Di nuovo sembrò che la strega fosse sul punto di farlo volare al capo opposto della galleria. Le sue gracili membra tremavano per la rabbia.

— La pelle dura? La pelle dura? Quand’era giovane Madre Jujy aveva la pelle più morbida di tutta Megateopoli! Razza di orribile fantoccio senza sesso che non sei altro! Per te è un onore anche solo appoggiarci sopra la tua bocca avvizzita!

A poco a poco, la sua sfuriata si ridusse a un acido borbottio, che alla fine si acquietò. Per lunghi minuti, il silenzio freddo e umido che li circondava fu interrotto soltanto dai miagolii di gelosia di Grimalkin, che misurava con impazienza l’oscurità del tunnel, lanciando occhiate assassine al nuovo cucciolo della sua padrona.

Alla fine, il demonietto alzò la testa. Adesso i suoi movimenti erano rapidi e straordinariamente pieni di vitalità.

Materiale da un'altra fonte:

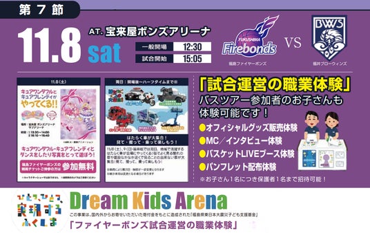 2025年4月にリニューアルオープンした宝来屋ボンズアリーナでの試合観戦に加え、当日来場した子どもたちも参加可能な試合運営に関わる職業体験”ドリームキッズアリーナ”や福島ファイヤーボンズ渡邉 拓馬GMをお招きして”目標や夢について考える座談会”を開催します。

— Dickon si sente leggero come l’aria — cinguettò con grande vivacità. — Nessun compito è troppo difficile per lui adesso. — Poi assunse di colpo un tono di grande rispetto. — Il tuo sangue era molto, molto buono, Madre Jujy, anche se era pieno di strane emozioni. Non ha fatto alcun male a Dickon. Oh, Madre Jujy, come potrà mai ripagarti Dickon? Come potranno suo fratello e i compagni di suo fratello saldare il loro debito? La mente di Dickon è troppo piccola per poter misurare l’importanza del favore che gli hai reso. Dickon non ha parole per descrivere…

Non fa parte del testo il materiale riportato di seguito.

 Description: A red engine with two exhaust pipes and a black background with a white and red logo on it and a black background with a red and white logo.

— Per descrivere che cosa? Come stai a sprecare tempo prezioso ad adularmi, mentre il mondo intero attende l’esito della tua missione? — lo interruppe Madre Jujy. — Sparisci! — E con la mano libera gli diede una spinta che, nel debole gesto delle dita, si confuse con una rapida carezza al pelo ramato.

Lui le restituì un sorriso grinzoso. Quindi, con uno scatto fulmineo, che fece tremare l’aria umida della galleria e lasciò la povera Grimalkin a prendere a zampate il vuoto, si dileguò nell’oscurità, nella direzione opposta a quella dalla quale la strega era venuta.

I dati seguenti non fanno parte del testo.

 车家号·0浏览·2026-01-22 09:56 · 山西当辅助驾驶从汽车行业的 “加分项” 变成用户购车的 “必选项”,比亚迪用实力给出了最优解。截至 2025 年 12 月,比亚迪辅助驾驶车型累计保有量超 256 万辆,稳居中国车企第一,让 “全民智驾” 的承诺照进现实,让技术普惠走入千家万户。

Per molti minuti, Madre Jujy inseguì con lo sguardo l’ombra di Dickon inghiottita dalla tenebra, mentre dalla candela che le tremava fra le dita incerte, cadevano minuscole goccioline di cera che, appena toccavano il suolo freddo, si indurivano e sbiancavano.

— Forse ce la faranno — mormorò fra sé e sé, la voce rotta da un’emozione che non avrebbe mai confessato a nessuno se non a Grimalkin. — Che Satanas li aiuti. E chissà, forse ce la faranno davvero.